WHAT THE EXERCISE ASKS: Using the listing below, please print exactly the lines from the one with "The bold and" through the one with "cuenta de Twitter". Leave out every picture.
----- TASK DATA
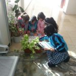 Ms. Monerah Al-Mahdali, science teacher, English branch, explained a lesson about plants’ parts using a new method. Students, grade four, had to deal with plants and write a report about their understanding.
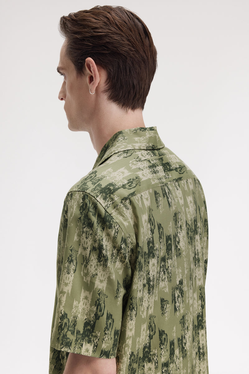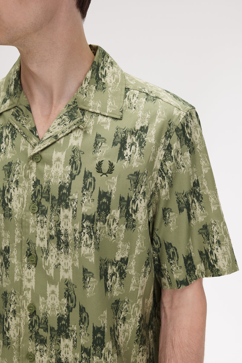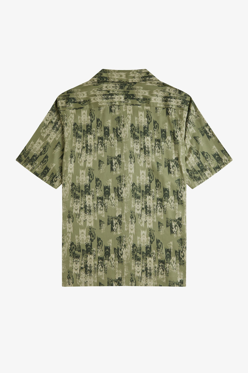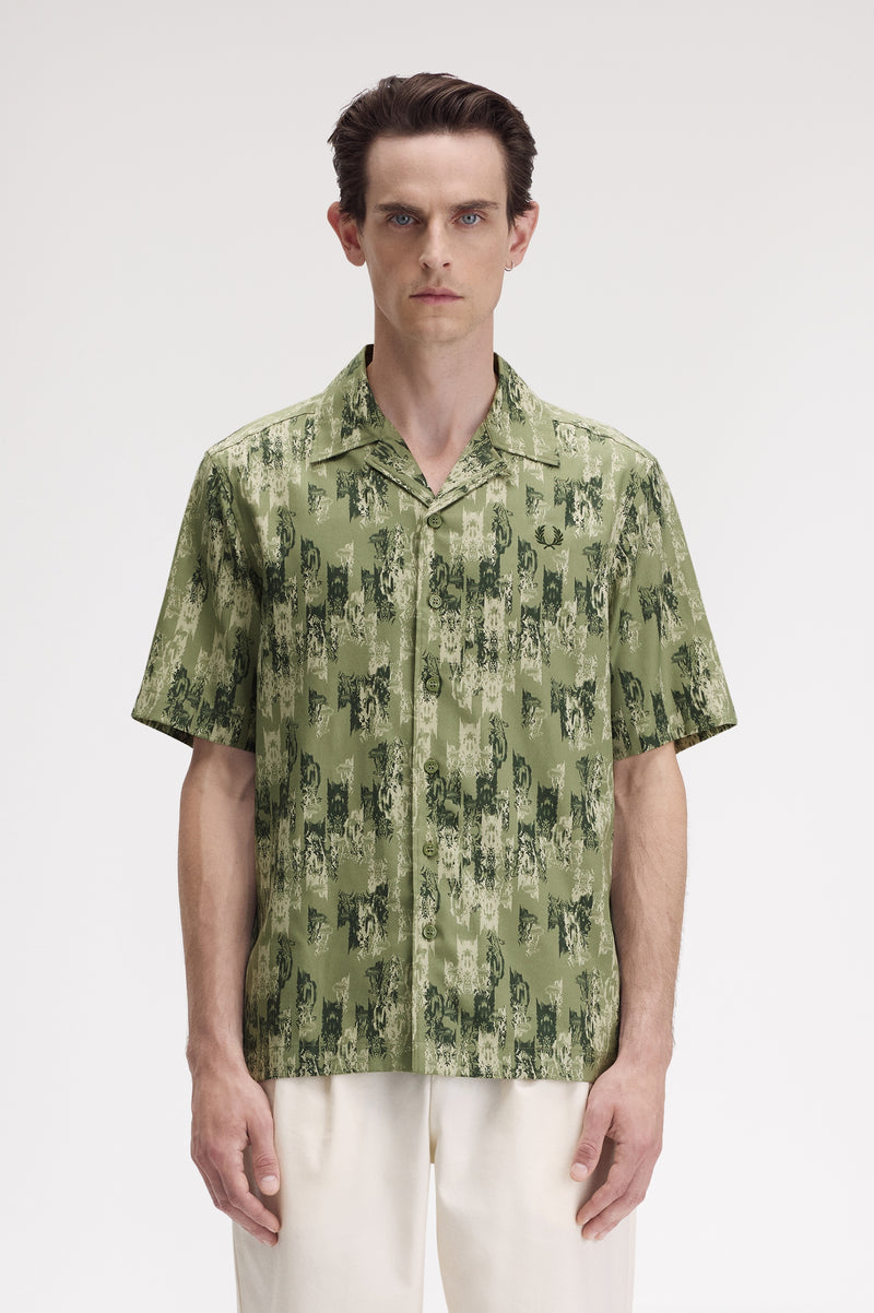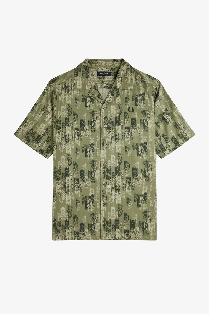 The bold and abstract design of this revere collar shirt references the muted colours of late ‘90s sportswear. Emboldened by the rebellion of European tennis players and their departure from an all-white Wimbledon uniform, runners and ravers alike made glitchy and repetitive prints mainstays of their subcultural wardrobes. Finished with a full button placket, and embroidered Laurel Wreath where you know to find it.
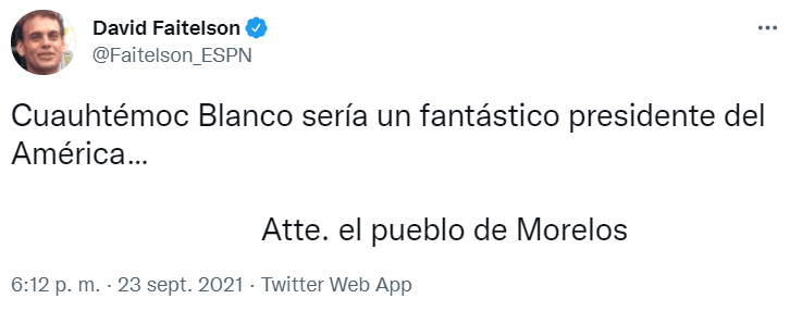 “Cuauhtémoc Blanco seria un fantástico presidente del América… Atte. el pueblo de Morelos”, fueron los polémicos dichos de Faitelson en su cuenta de Twitter
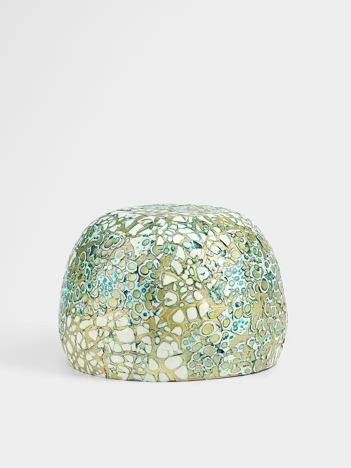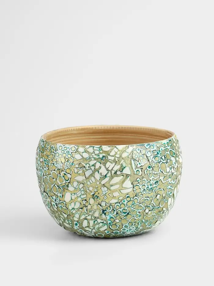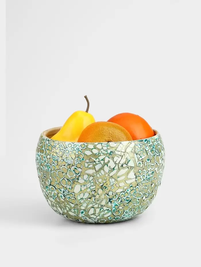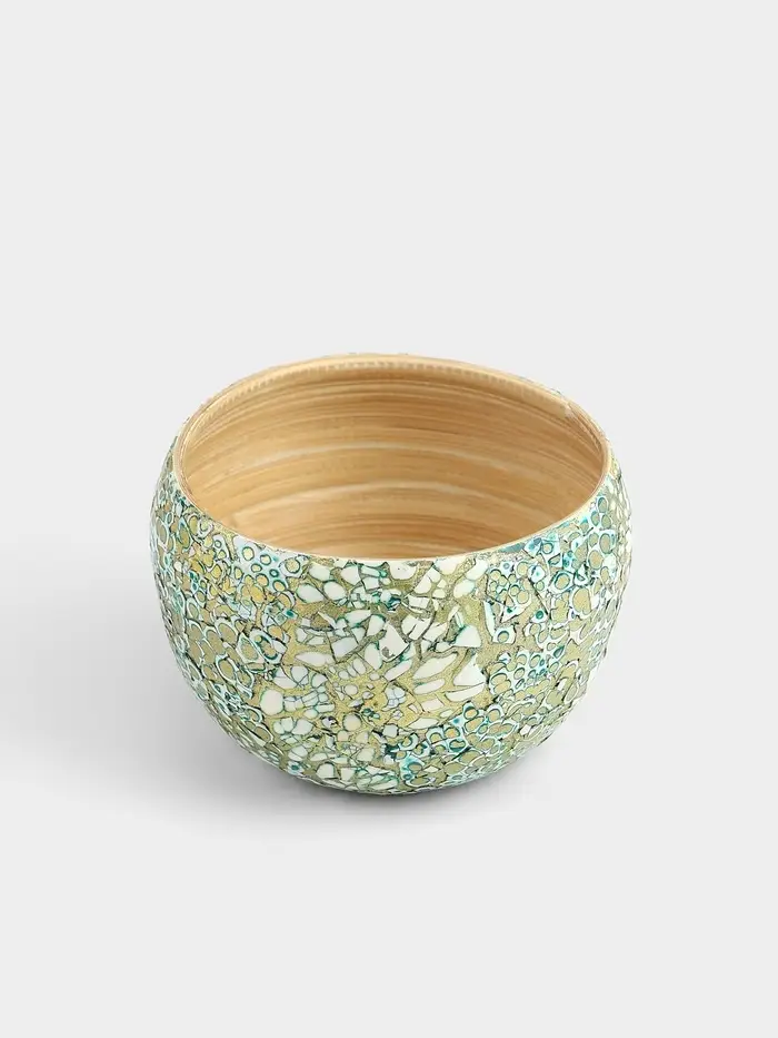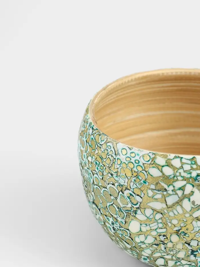 Бамбуковая ваза размером 15×15×10.5 см. Элегантное решение для интерьера, сочетающеё белый и золотистый цвета. Покрытая узорами, она привносит тепло и уют в ваш дом. Уникальная ручная работа делает каждое изделие неповторимым. Гладкая текстура и круглая форма добавляют ей изысканность. Подходит для цветочных композиций и сухоцветов.
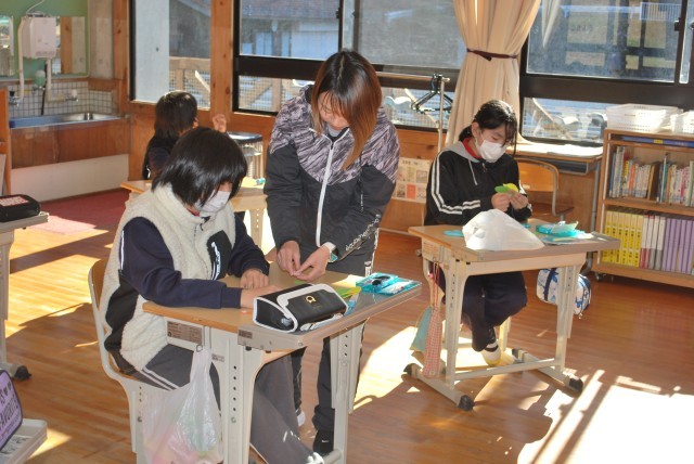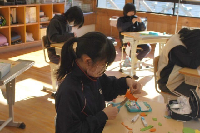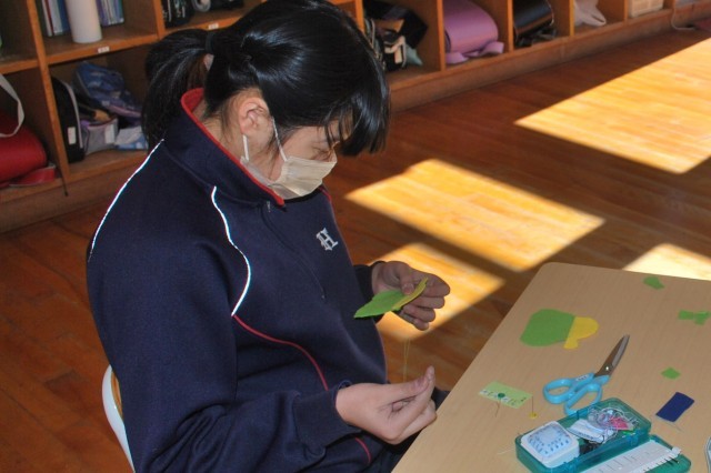 本校のマスコットキャラクター「はぎのん」のぬいぐるみを作っていました。本体のフェルトがずれないように、まち針で固定し、縫い合わせていました。完成後は卒業記念として、図書館(本の森)の図書コーナー等で活用します。
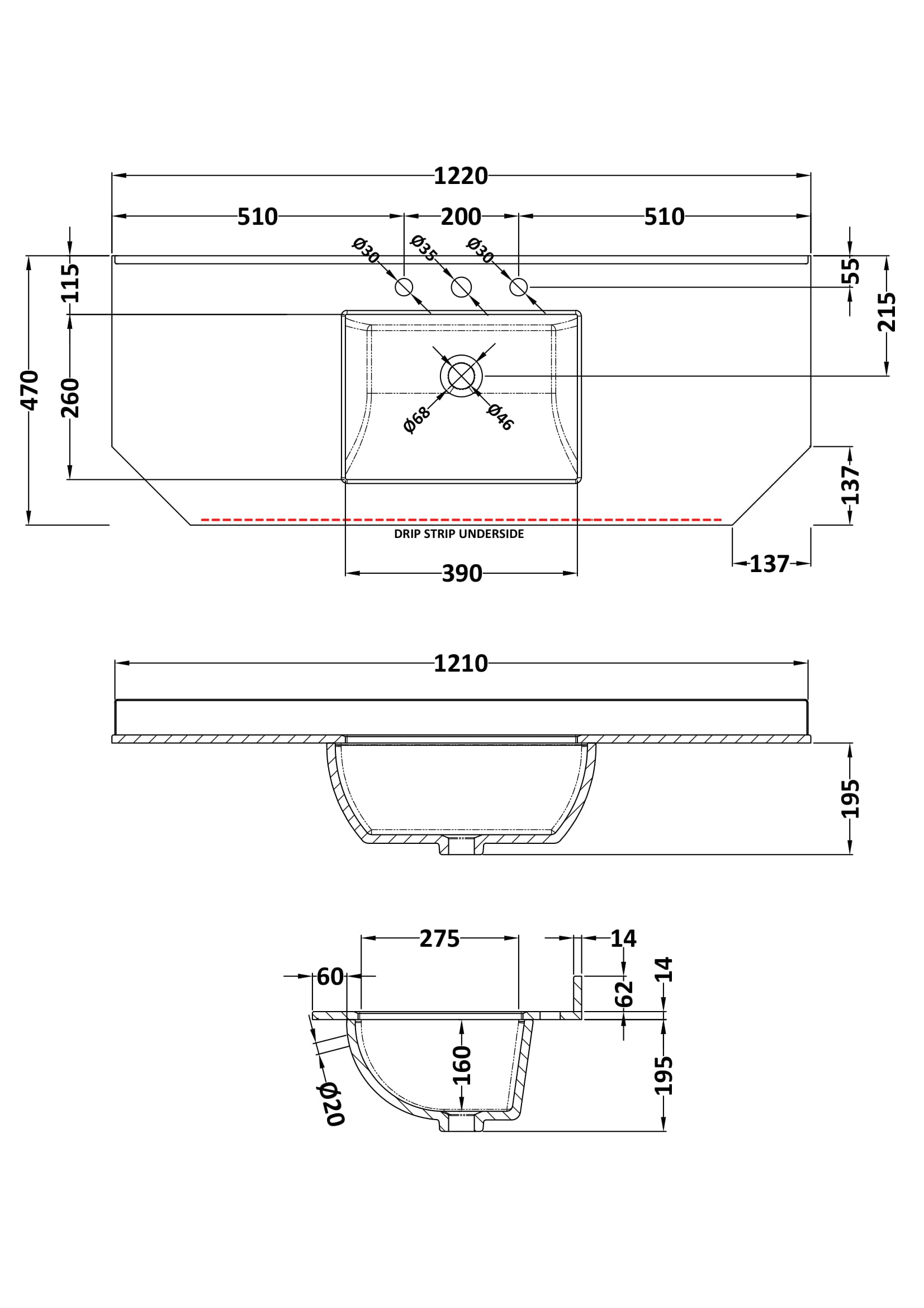1200mm Single Bowl Angled Marble Top - 3 Tap Hole
----------
TASK ANSWER:
 The bold and abstract design of this revere collar shirt references the muted colours of late ‘90s sportswear. Emboldened by the rebellion of European tennis players and their departure from an all-white Wimbledon uniform, runners and ravers alike made glitchy and repetitive prints mainstays of their subcultural wardrobes. Finished with a full button placket, and embroidered Laurel Wreath where you know to find it.
 “Cuauhtémoc Blanco seria un fantástico presidente del América… Atte. el pueblo de Morelos”, fueron los polémicos dichos de Faitelson en su cuenta de Twitter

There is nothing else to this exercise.